SNP and the Act of Settlement - from Scotia 11/12/00

Muriel Gray did an op-ed piece on this topic in the Sunday Herald which I did not agree with verbatim but still made some pretty good points IMO:-

link to Muriel Gray's article

"...In the meantime, someone needs to take aside the parties involved in arguing the toss over the Act of Settlement and set them straight, particularly here in Scotland. Otherwise we will have to endure months, maybe years, of pointless, time-wasting, ludicrous debate and attempted legislative reform, no doubt tainted with hints of ugly sectarianism, that will tie up people who should be concentrating on land reform, housing, education and health...."

If Michael Forsyth and the Scottish Tories were so bothered about the Act of Settlement why did they do nothing about it during their 17 years in power? If the SNP were so bothered about it why did it only start to become a priority after the Monklands East by-election when the SNP nearly won on the back of a temporary working class nominal Presbyterian protest vote because of Labour's perceived Coatbridge-centric pro-RC sectarian district council and that bitterly fought campaign had left an impression in parts of the west of Scotland that the SNP were very much a "Proddie" party? Kicking up a fuss over the Act of Settlement is just a way to cause trouble for Labour basically in a petty point scoring sort of way. The other parties know that no governing party is going to want to change loads of archaic legislation that involves getting agreement with 13 other realms within the Commonwealth which also have QEII as head of state so the impression can be easily left that they are doing nothing about it so ergo they are anti-RC. For Cardinal Winning OTOH it is a useful way to deflect attention away from the schooling issue and the moves by the EIS to possibly take that issue to the ECHR on a discrimination basis as well.

If the real issue in all of this monarchy stuff is really discrimination why is no fuss being kicked up about the fact that succession is always to the eldest male heir not to the eldest child of the reigning sovereign as happened in Sweden a few years back?
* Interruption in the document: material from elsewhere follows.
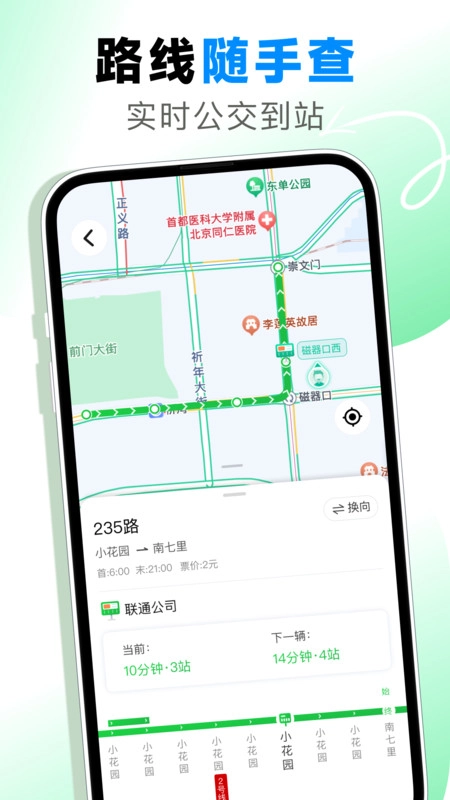 4、依据搜索记录,呈现匹配的公交线路,了解车辆到站时间,以便提前做好乘车准备。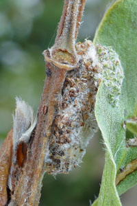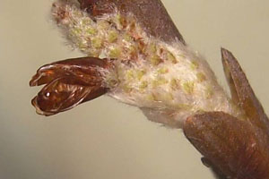 2: Österreich, Niederösterreich, St. Egyden am Steinfeld, besetzte Knospe von Silberpappel (Populus alba), 9. April 2009 (Foto: Peter Buchner), leg., cult & det. Peter Buchner.Forum

The Windsor monarchy is an archaic anachronism with inherent discrimination running right through it because of the hereditary principle. In practical terms it does the job not bad because it exercises no truly meaningful powers these days as parliament(s) has/have been firmly in charge since 1688 and the Act of Settlement came about primarily only because the "Divine Right of Kings "Stuarts did such an abysmal job in the 17th century so many people like myself are willing to put up with all the many and varied discriminatory aspects of the institution as an irrelevance to the mundane reality of daily life in an ain't broke don't fix it sort of way. If we really want to get into the business of reforming the institution and making it all modern and PC then it should simply be wound up altogether IMO. The problem is though that the UK has no real right to do this unilaterally when 13 other Commonwealth realms of the crown are also involved as well. So why open up this issue at all in a Scottish context until after independence in Europe is achieved? The real priority for opposition politicians in Scotland should be stuff like this IMO:-

link to Herald news story

and undoing the damage that 20 years of Thatcherism emanating from Westminster has inflicted upon Scotland's social fabric and getting the message across to people who live in places like Castlemilk how self-government can be used as a vehicle to alleviate the situation.